Upholding the court’s dignity: In a recent speech, he reminded judges how repressive regimes often target the judiciary by playing on the public’s dissatisfaction with elite institutions. Judges, he argued, could not be “blind residents of elite institutions”. Such exhortations, however, were not merely confined to speeches. As chief justice of the Sindh High Court, he was mainly responsible for the largest distribution of compensation in Pakistan’s legal history to the victims of Karachi’s Baldia factory fire. More importantly perhaps, in contrast to some others in the legal profession, Justice Baqar highlighted the importance of evolving an objective criterion, thus, bringing an end to the opacity that currently shrouds judicial appointments.

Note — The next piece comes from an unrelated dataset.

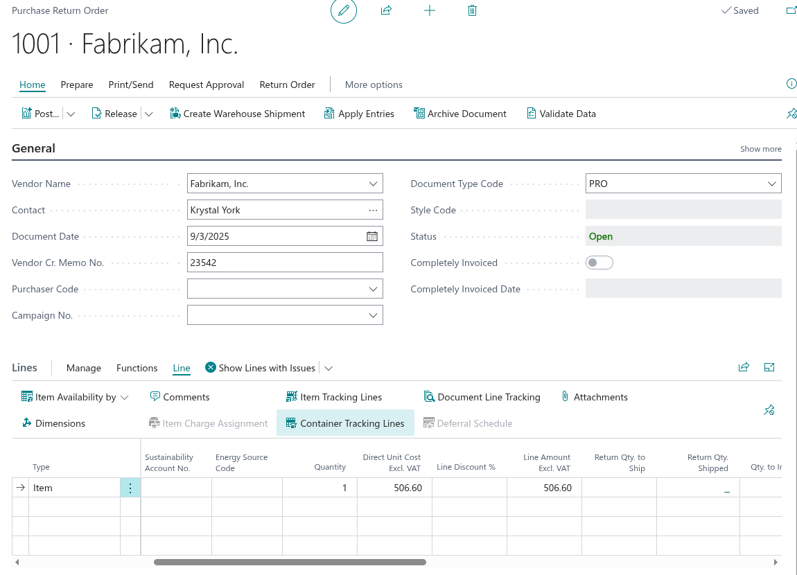 - From the “Purchase Return Order” screen, select Container Tracking Lines to review or maintain tracking for the document.

Judicial independence: Critical to the survival of the authoritarian regime that has dominated our polity in recent times have been attempts to emasculate the judiciary. The reference against Justice Isa was, therefore, symptomatic of a larger problem where judges not susceptible to the executive’s diktats were targeted and vilified. Justice Baqar led the court’s response to these malicious references. In holding that while judges ought to be accountable, they were also entitled to the equal protection of the law, Justice Baqar not only gave Justice Isa a fresh lease of life but preserved the flickering light of justice, thus, saving judicial independence from eternal darkness.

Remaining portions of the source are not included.